• **Dataset content**

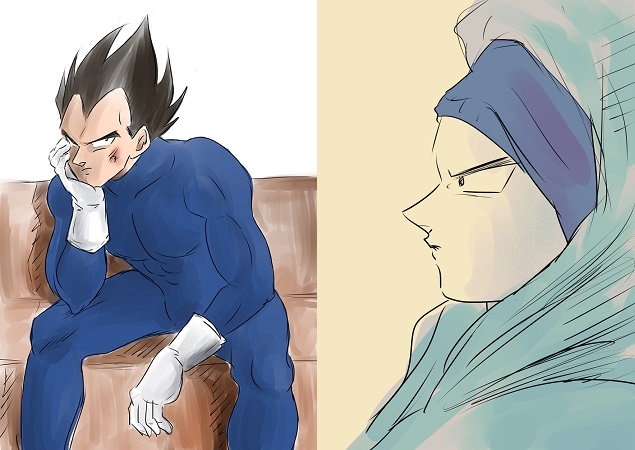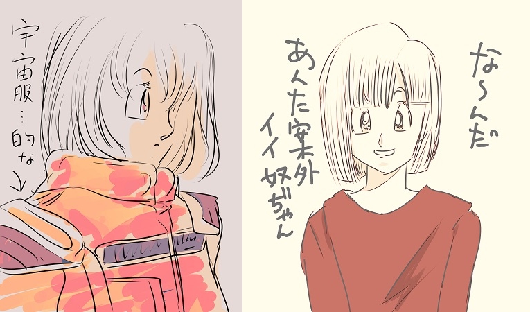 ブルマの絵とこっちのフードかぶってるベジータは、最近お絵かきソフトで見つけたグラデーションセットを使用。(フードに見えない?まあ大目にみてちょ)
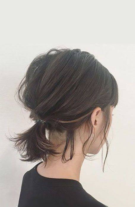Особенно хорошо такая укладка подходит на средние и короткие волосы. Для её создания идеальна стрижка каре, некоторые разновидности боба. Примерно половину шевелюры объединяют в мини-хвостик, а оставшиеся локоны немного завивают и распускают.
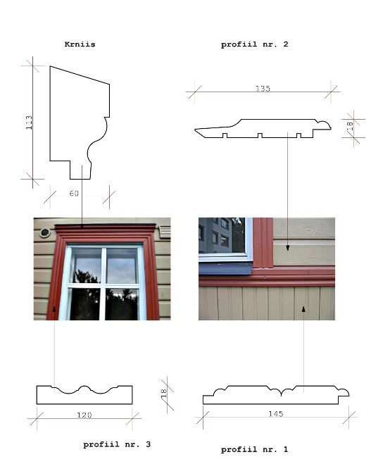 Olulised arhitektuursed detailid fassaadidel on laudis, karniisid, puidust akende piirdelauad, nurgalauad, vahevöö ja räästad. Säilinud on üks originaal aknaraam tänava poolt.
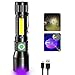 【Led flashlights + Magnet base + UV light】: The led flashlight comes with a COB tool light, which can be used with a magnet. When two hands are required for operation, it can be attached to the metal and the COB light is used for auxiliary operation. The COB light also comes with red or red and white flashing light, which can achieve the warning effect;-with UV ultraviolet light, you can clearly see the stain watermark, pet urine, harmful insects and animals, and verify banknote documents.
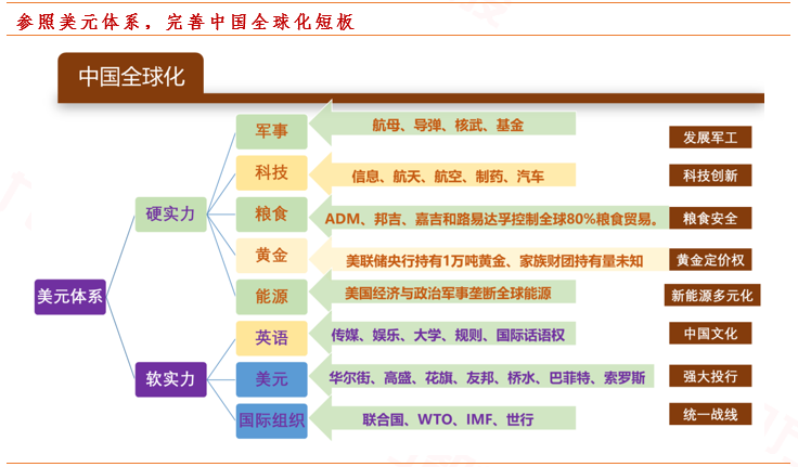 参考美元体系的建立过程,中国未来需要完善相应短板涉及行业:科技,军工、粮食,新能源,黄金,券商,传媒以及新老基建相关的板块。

• **Required action**
Leave out the pictures, then reproduce exactly the run of lines from the one that contains "verify banknote documents." to the final line of the listing above.

• **Written solution**
 【Led flashlights + Magnet base + UV light】: The led flashlight comes with a COB tool light, which can be used with a magnet. When two hands are required for operation, it can be attached to the metal and the COB light is used for auxiliary operation. The COB light also comes with red or red and white flashing light, which can achieve the warning effect;-with UV ultraviolet light, you can clearly see the stain watermark, pet urine, harmful insects and animals, and verify banknote documents.
 参考美元体系的建立过程,中国未来需要完善相应短板涉及行业:科技,军工、粮食,新能源,黄金,券商,传媒以及新老基建相关的板块。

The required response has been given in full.